_REQUIREMENT:_ An exact reproduction of the listing, minus the pictures, is the required output.
________
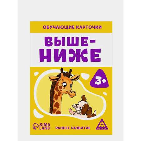 Обучающие карточки позволят малышу в раннем детстве познакомиться с понятиями «выше» и «ниже». Также карточки помогут ребёнку развить память, интеллект, зрительное и слуховое восприятие. Подавайте новый материал в игровой форме, так он быстрее и легче усваивается.
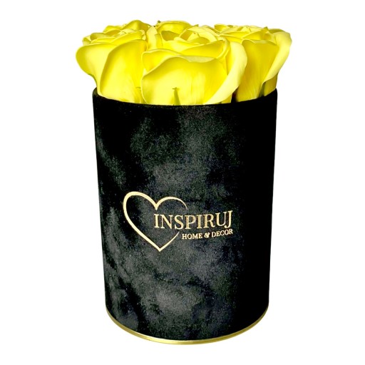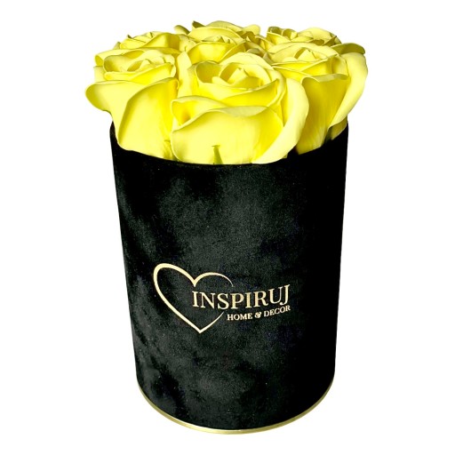 4️⃣ Kolor: Czarne pudełko z żółtymi różami mydlanymi.
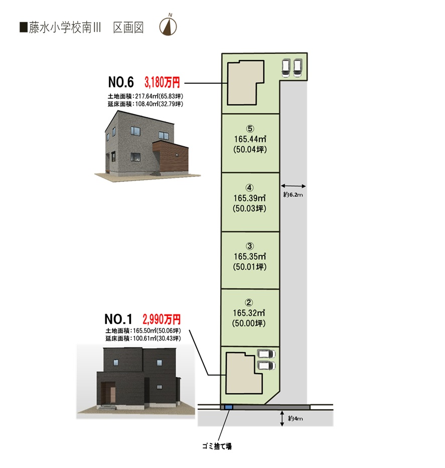 トレステージ藤水小学校南Ⅲ概要 ●所在地/三重県津市藤方字内浜田1400-1他 ●交通/JR紀勢本線「阿漕」駅自転車約13分●地目/宅地 ●用途地域/第2種低層住居専用地域●建ぺい率/60%●容積率/100%●道路幅員/①号地 南側公道幅員(約5.5m)⑥号地 南側公道幅員(約6.0m)●下水/個別浄化槽 ●雨水/側溝排水 ●電気・上水道/中部電力(オール電化)、公営水道 ●総区画数/6区画 ●販売戸数/一戸建:2戸 ●土地面積/165.32㎡ ~217.64㎡●建物面積/100.61㎡・108.40㎡●販売価格/2,990万円~3,180万円 ●入居時期/即入居可 ●取引態様/売主
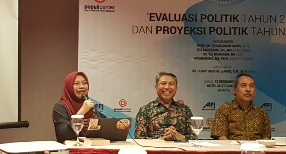 “Di dapil (daerah pemilihan) saya, Ciputat dan Pamulang, DPR ada 10 kursi. Sekarang ada 16 partai politik. Misal, satu partai ada 8 calon saja, 8 kali 16 ada 128 caleg DPR. Lalu DPRD provinsi, di dapil itu juga ada 10 kursi. Di DPRD Tangerang Selatab,12 kursi. Satu TPS ada 300 pemilih yang berdasarkan simulasi KPU, satu pemilih memakan waktu 8 hingga 9 menit. Nah ini, ditambah calon DPD, bisa dibayangkan beban KPPS seperti apa untuk menghitung suara lebih dari 400 calon pada satu hari yang sama,” jelas Titi pada diskusi “Evaluasi Politik Tahun 2018 dan Proyeksi Politik Tahun 2019” yang diadakan oleh Asosiasi Ilmu Politik Indonesia (AIPI) di Hotel Atlet Century, Senayan, Jakarta Selatan (13/12).
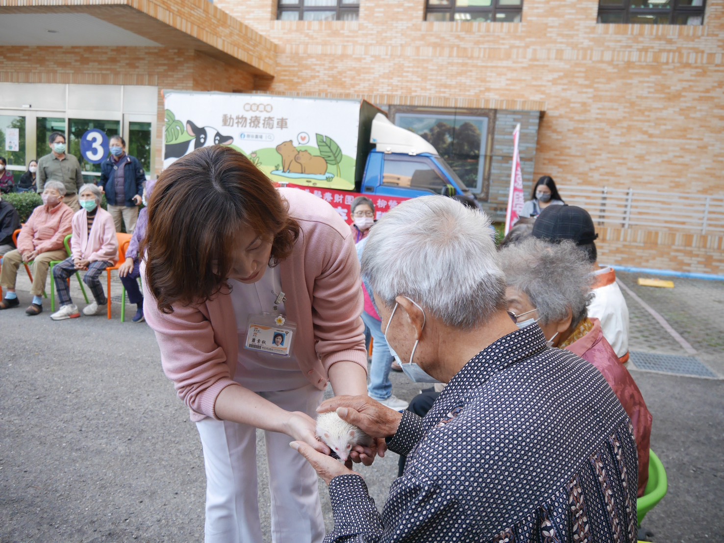活動開始,從樹谷農場的動物療癒車緩緩停下,各種小動物依序出場後,瞬間成為大家的小小療癒師。兔子在草地上蹦跳、刺蝟慢慢探出小腦袋、小羊悠閒咀嚼草料,還有小守宮跟象龜靜靜爬行,宛如迷你動物園。長輩們在工作人員引導下近距離觀察、輕撫、餵食與陪伴,逐漸展露笑容,氣氛溫馨而放鬆。過程中也鼓勵大家主動表達感受並分享過往回憶,一位長輩開心地說著,年輕時在鄉下飼養家畜的生活點滴,笑著與身旁的人分享,讓現場增添更多交流與情感連結。
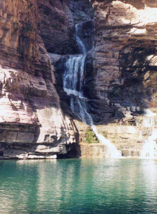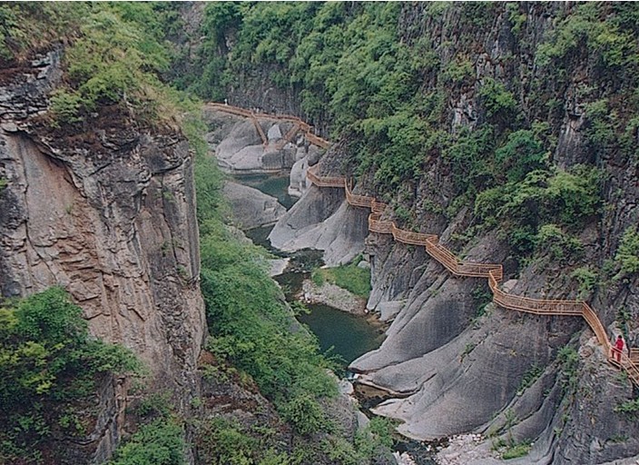 女妖洞口好似魚口,呈橢圓形,高20余米,寬10余米,距崖底20米。洞內(nèi)有地下暗河流淌,洞口常年往外流水,雨季洞水如柱,噴射而出,版權(quán)所有山東聊城聊之旅國(guó)際旅行社有限公司,轉(zhuǎn)載必究!從20米高的懸崖峭壁上跌下來(lái),落到20米外山坡上,濤聲如雷,氣勢(shì)壯觀。旱時(shí)水流如帶,沿著裸露的巖壁流下,匯入崖底深潭。水潭方圓400平方米。深不見底,高聳的懸崖峭壁倒映在水中,湖光山色,如入畫境。待到水位高漲,潭水漫過潭,順山勢(shì)直瀉山底,一路上隨著高低不等的落差,形成三道梯級(jí)瀑布,其中第一級(jí)瀑布寬5米、高10米,第二級(jí)瀑布寬7米、高20米,第三級(jí)瀑布寬3米、高30米,經(jīng)過三級(jí)瀑布,潭水最終匯入東流的郊溝河中。
________
_RESPONSE BELOW:_
 Обучающие карточки позволят малышу в раннем детстве познакомиться с понятиями «выше» и «ниже». Также карточки помогут ребёнку развить память, интеллект, зрительное и слуховое восприятие. Подавайте новый материал в игровой форме, так он быстрее и легче усваивается.
 4️⃣ Kolor: Czarne pudełko z żółtymi różami mydlanymi.
 トレステージ藤水小学校南Ⅲ概要 ●所在地/三重県津市藤方字内浜田1400-1他 ●交通/JR紀勢本線「阿漕」駅自転車約13分●地目/宅地 ●用途地域/第2種低層住居専用地域●建ぺい率/60%●容積率/100%●道路幅員/①号地 南側公道幅員(約5.5m)⑥号地 南側公道幅員(約6.0m)●下水/個別浄化槽 ●雨水/側溝排水 ●電気・上水道/中部電力(オール電化)、公営水道 ●総区画数/6区画 ●販売戸数/一戸建:2戸 ●土地面積/165.32㎡ ~217.64㎡●建物面積/100.61㎡・108.40㎡●販売価格/2,990万円~3,180万円 ●入居時期/即入居可 ●取引態様/売主
 “Di dapil (daerah pemilihan) saya, Ciputat dan Pamulang, DPR ada 10 kursi. Sekarang ada 16 partai politik. Misal, satu partai ada 8 calon saja, 8 kali 16 ada 128 caleg DPR. Lalu DPRD provinsi, di dapil itu juga ada 10 kursi. Di DPRD Tangerang Selatab,12 kursi. Satu TPS ada 300 pemilih yang berdasarkan simulasi KPU, satu pemilih memakan waktu 8 hingga 9 menit. Nah ini, ditambah calon DPD, bisa dibayangkan beban KPPS seperti apa untuk menghitung suara lebih dari 400 calon pada satu hari yang sama,” jelas Titi pada diskusi “Evaluasi Politik Tahun 2018 dan Proyeksi Politik Tahun 2019” yang diadakan oleh Asosiasi Ilmu Politik Indonesia (AIPI) di Hotel Atlet Century, Senayan, Jakarta Selatan (13/12).
活動開始,從樹谷農場的動物療癒車緩緩停下,各種小動物依序出場後,瞬間成為大家的小小療癒師。兔子在草地上蹦跳、刺蝟慢慢探出小腦袋、小羊悠閒咀嚼草料,還有小守宮跟象龜靜靜爬行,宛如迷你動物園。長輩們在工作人員引導下近距離觀察、輕撫、餵食與陪伴,逐漸展露笑容,氣氛溫馨而放鬆。過程中也鼓勵大家主動表達感受並分享過往回憶,一位長輩開心地說著,年輕時在鄉下飼養家畜的生活點滴,笑著與身旁的人分享,讓現場增添更多交流與情感連結。
 女妖洞口好似魚口,呈橢圓形,高20余米,寬10余米,距崖底20米。洞內(nèi)有地下暗河流淌,洞口常年往外流水,雨季洞水如柱,噴射而出,版權(quán)所有山東聊城聊之旅國(guó)際旅行社有限公司,轉(zhuǎn)載必究!從20米高的懸崖峭壁上跌下來(lái),落到20米外山坡上,濤聲如雷,氣勢(shì)壯觀。旱時(shí)水流如帶,沿著裸露的巖壁流下,匯入崖底深潭。水潭方圓400平方米。深不見底,高聳的懸崖峭壁倒映在水中,湖光山色,如入畫境。待到水位高漲,潭水漫過潭,順山勢(shì)直瀉山底,一路上隨著高低不等的落差,形成三道梯級(jí)瀑布,其中第一級(jí)瀑布寬5米、高10米,第二級(jí)瀑布寬7米、高20米,第三級(jí)瀑布寬3米、高30米,經(jīng)過三級(jí)瀑布,潭水最終匯入東流的郊溝河中。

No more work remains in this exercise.